Deploying functions to AWS Lambda using the console or command line is fine for getting started but it soon becomes arduous for anything non-trivial. A few tools have emerged to fill this space such as the Serverless Framework and Claudia.js. Although it currently only supports AWS Lambda, I opted for the former as it aims to abstract your application away from the cloud provider, with Azure Functions and Google Cloud Functions integrations in the pipeline.
Once installed, the Serverless Framework provides a serverless
(or sls
) command that operates on a model of your application’s architecture, or stack, defined in a serverless.yml
file. Here’s an example for our previous hello world function:
service: helloworld
provider:
name: aws
runtime: nodejs4.3
functions:
hello:
handler: handler.hello
events:
- http: GET hello
Here we are defining a service, which is a collection of related functions, called helloworld
. This service declares a single Lambda function named hello
with a handler of handler.hello
; syntax for the JavaScript function hello
exported from the Node module handler.js
. We also configure a trigger to invoke the function when the HTTP request GET /hello
is received.
To deploy this stack to AWS we simply type sls deploy
:
$ sls deploy
Serverless: Creating Stack...
Serverless: Checking Stack create progress...
.....
Serverless: Stack create finished...
Serverless: Packaging service...
Serverless: Uploading CloudFormation file to S3...

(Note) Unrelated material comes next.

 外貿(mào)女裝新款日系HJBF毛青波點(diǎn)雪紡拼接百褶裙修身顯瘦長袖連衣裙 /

Serverless: Uploading service .zip file to S3 (397 B)...
Serverless: Updating Stack...
Serverless: Checking Stack update progress...
..............................
Serverless: Stack update finished...
Service Information
service: helloworld
stage: dev
region: eu-west-1
api keys:
None
endpoints:
GET - https://xxx.execute-api.eu-west-1.amazonaws.com/dev/hello
functions:
helloworld-dev-hello: arn:aws:lambda:eu-west-1:123:function:helloworld-dev-hello
Serverless has transformed our stack into an AWS CloudFormation file and sent it to AWS to configure. Our Lambda is now live. The output tells us the endpoint for our function, so let’s invoke it:
$ curl https://xxx.execute-api.eu-west-1.amazonaws.com/dev/hello
Hello world!
It works! Now we just need to turn this into a chatbot.

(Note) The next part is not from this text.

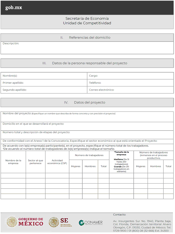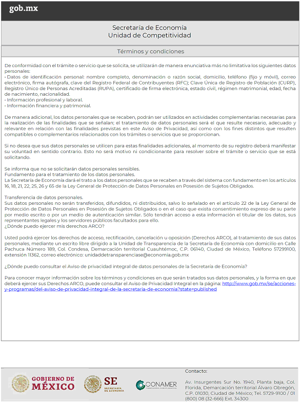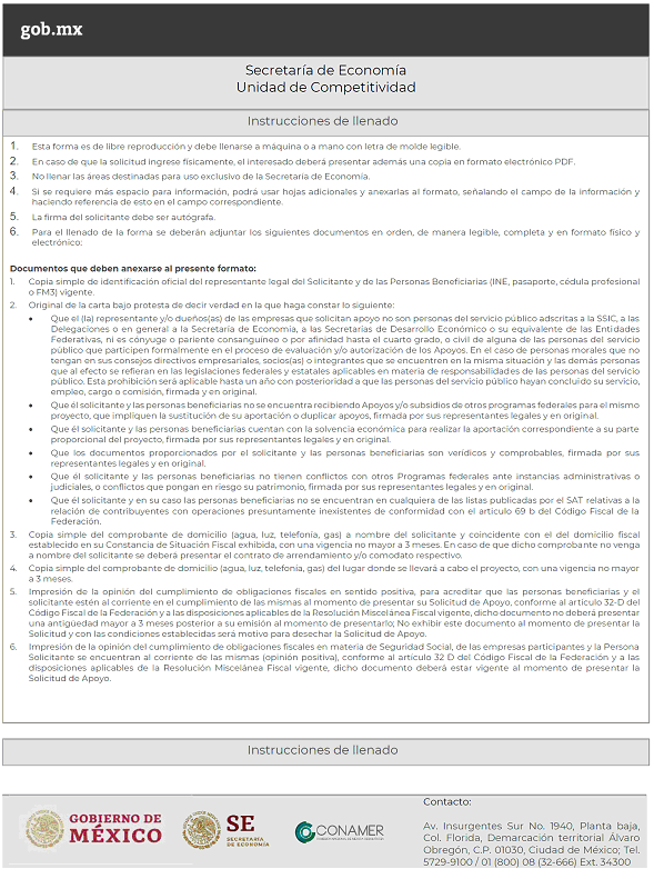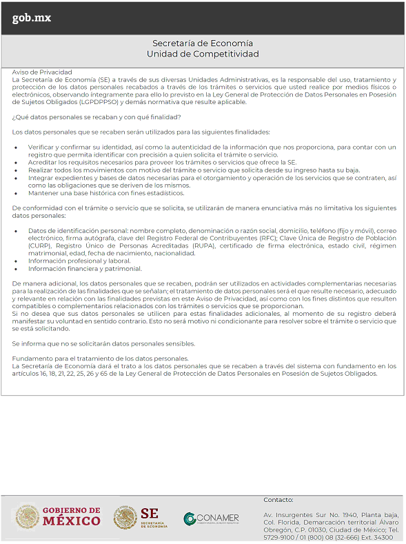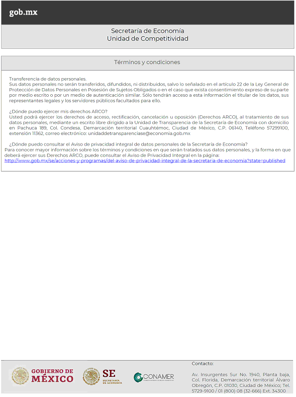 · La ventanilla de recepción de la Unidad de Competitividad, ubicada en Avenida Insurgentes Sur No. 1940, Planta Baja, Colonia Florida, Demarcación Territorial Álvaro Obregón, C.P. 01030, Ciudad de México. De lunes a viernes de 9:00 a 14:30 horas y de 16:00 a 18:00 horas.

At Black Pepper we’re big fans of Slack so it made sense to write my chatbot for that platform. Slack provides two APIs for bot integration: the Real Time Messaging API and the Events API. The former uses WebSockets to pass events over a persistent connection, whereas the latter invokes a specified endpoint for certain events. Understandably, the transient nature of AWS Lambda means that it does not support WebSockets, so we’ll have to adopt the Events API.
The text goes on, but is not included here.